Available records START

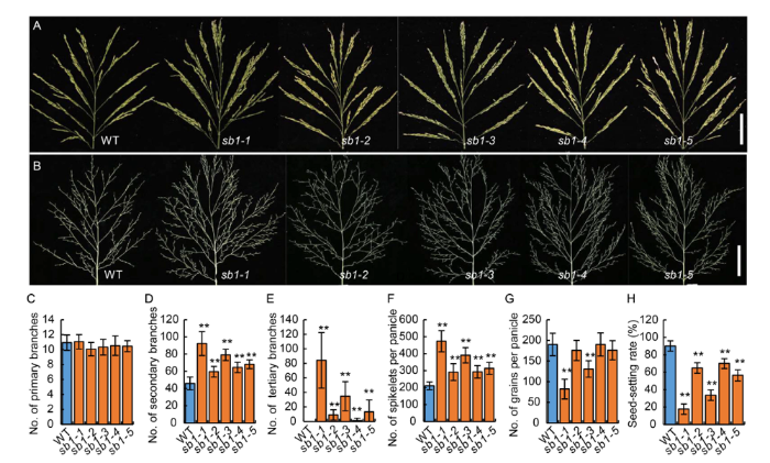 Fig. 1. Phenotypes of panicles in wild type (WT) and sb1-1/2/3/4/5 mutants. A, Panicles of the WT and sb1-1/2/3/4/5 mutants with spikelets on the branches. Bars are 5 cm. B, Panicles of the WT and sb1-1/2/3/4/5 mutants without spikelets on the branches. Bars are 5 cm. C‒H, Numbers of primary branches per panicle (C), numbers of secondary branches per panicle (D), numbers of tertiary branches per panicle (E), numbers of spikelets per panicle (F), numbers of grains per panicle (G) and seed-setting rates (H) of WT and sb1-1/2/3/4/5. The wild type plants and sb1-1/2/3/4/5 mutants were grown in standard paddy field under conventional cultivation conditions. Data are Mean ± SD (n = 10). The Student’s t-test was used to generate the P values. **, P < 0.01.
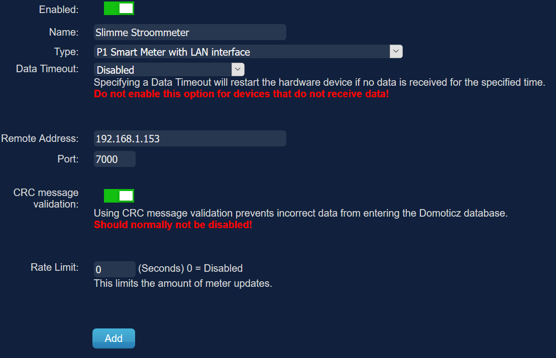 Voeg de slimme meter configuratie toe aan Domoticz -> Setup -> Hardware (gebruik ip-adres van de raspberry pi als Remote Address)
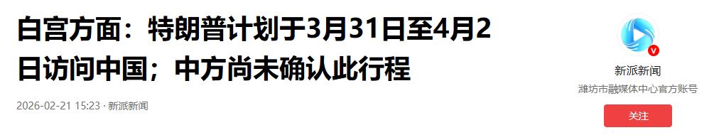 特朗普选在大年初四敲定访华时间,三月底正式来访,就是想趁着这个节点,把中美之间的矛盾摊开谈,解决美国最着急的问题。但中国已经划好了红线,不管谁来谈,都必须尊重中国的立场,遵守公平互利的原则。中美合则两利、斗则俱伤,这是早就被证明的道理,美国这次主动访华,就是认清了这个现实,知道对抗没有出路,只有坐下来平等谈判,才能解决双方的问题。
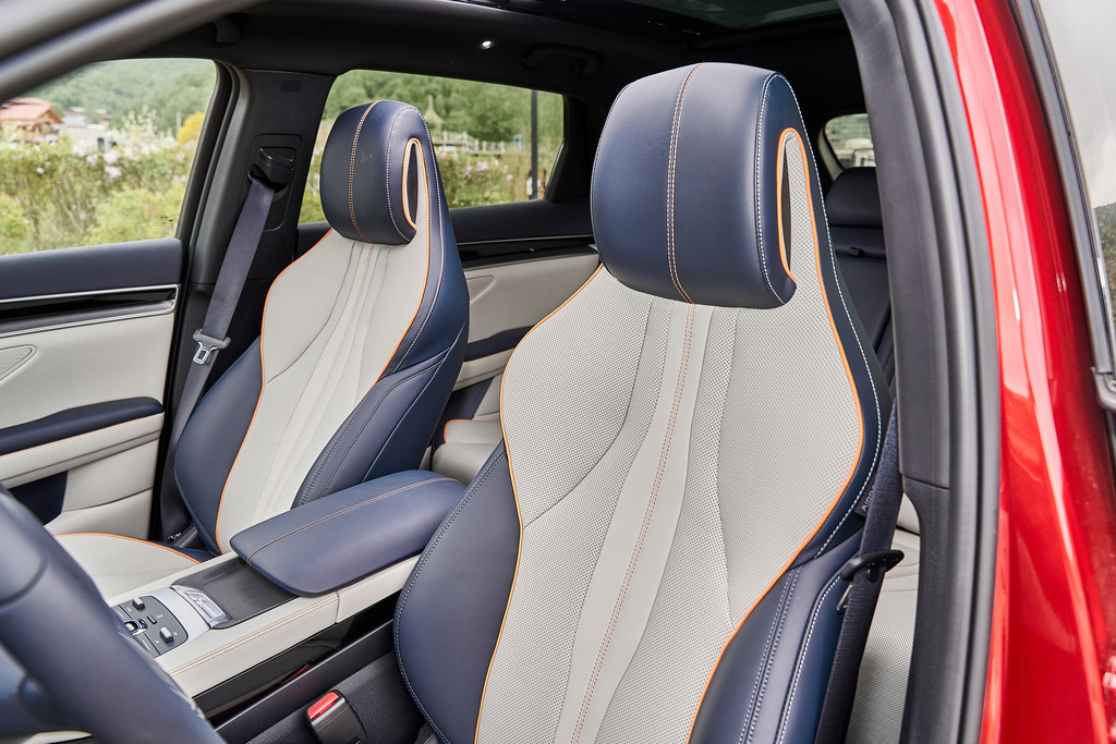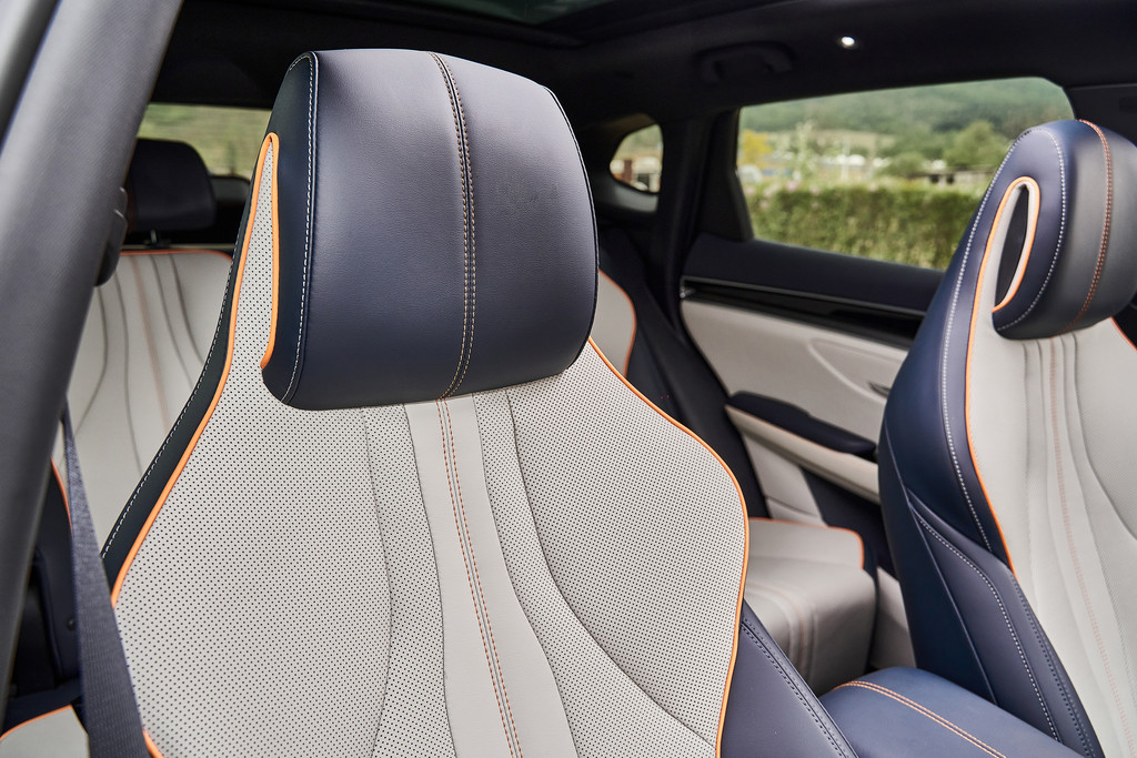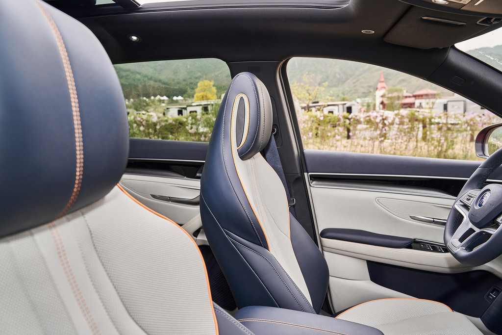 宋PLUS DM-i的座椅造型我非常喜欢,非常有自己的特色,一体式头枕,造型时尚精美,主副驾驶均可以电动调节,并且也都有通风和加热的功能,官方称为一体式龙脊座椅,这名字也不错。
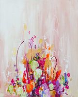 Dit bruisende zonnige schilderij is zonder plan vooraf ontstaan. Ik schilder deze stijl intuïtief en elke keer weer ontstaat er dan een beeld van geabstraheerde bloemen. Het zíjn niet echt bloemen, maar ze doen er onmiskenbaar aan denken. Zijn het de vrolijke kleuren en de levendige vormen die je tegemoet spatten?

Available records END

Copy the data exactly. Any picture it contains is to be omitted.

## Result below
 Fig. 1. Phenotypes of panicles in wild type (WT) and sb1-1/2/3/4/5 mutants. A, Panicles of the WT and sb1-1/2/3/4/5 mutants with spikelets on the branches. Bars are 5 cm. B, Panicles of the WT and sb1-1/2/3/4/5 mutants without spikelets on the branches. Bars are 5 cm. C‒H, Numbers of primary branches per panicle (C), numbers of secondary branches per panicle (D), numbers of tertiary branches per panicle (E), numbers of spikelets per panicle (F), numbers of grains per panicle (G) and seed-setting rates (H) of WT and sb1-1/2/3/4/5. The wild type plants and sb1-1/2/3/4/5 mutants were grown in standard paddy field under conventional cultivation conditions. Data are Mean ± SD (n = 10). The Student’s t-test was used to generate the P values. **, P < 0.01.
 Voeg de slimme meter configuratie toe aan Domoticz -> Setup -> Hardware (gebruik ip-adres van de raspberry pi als Remote Address)
 特朗普选在大年初四敲定访华时间,三月底正式来访,就是想趁着这个节点,把中美之间的矛盾摊开谈,解决美国最着急的问题。但中国已经划好了红线,不管谁来谈,都必须尊重中国的立场,遵守公平互利的原则。中美合则两利、斗则俱伤,这是早就被证明的道理,美国这次主动访华,就是认清了这个现实,知道对抗没有出路,只有坐下来平等谈判,才能解决双方的问题。
 宋PLUS DM-i的座椅造型我非常喜欢,非常有自己的特色,一体式头枕,造型时尚精美,主副驾驶均可以电动调节,并且也都有通风和加热的功能,官方称为一体式龙脊座椅,这名字也不错。
 Dit bruisende zonnige schilderij is zonder plan vooraf ontstaan. Ik schilder deze stijl intuïtief en elke keer weer ontstaat er dan een beeld van geabstraheerde bloemen. Het zíjn niet echt bloemen, maar ze doen er onmiskenbaar aan denken. Zijn het de vrolijke kleuren en de levendige vormen die je tegemoet spatten?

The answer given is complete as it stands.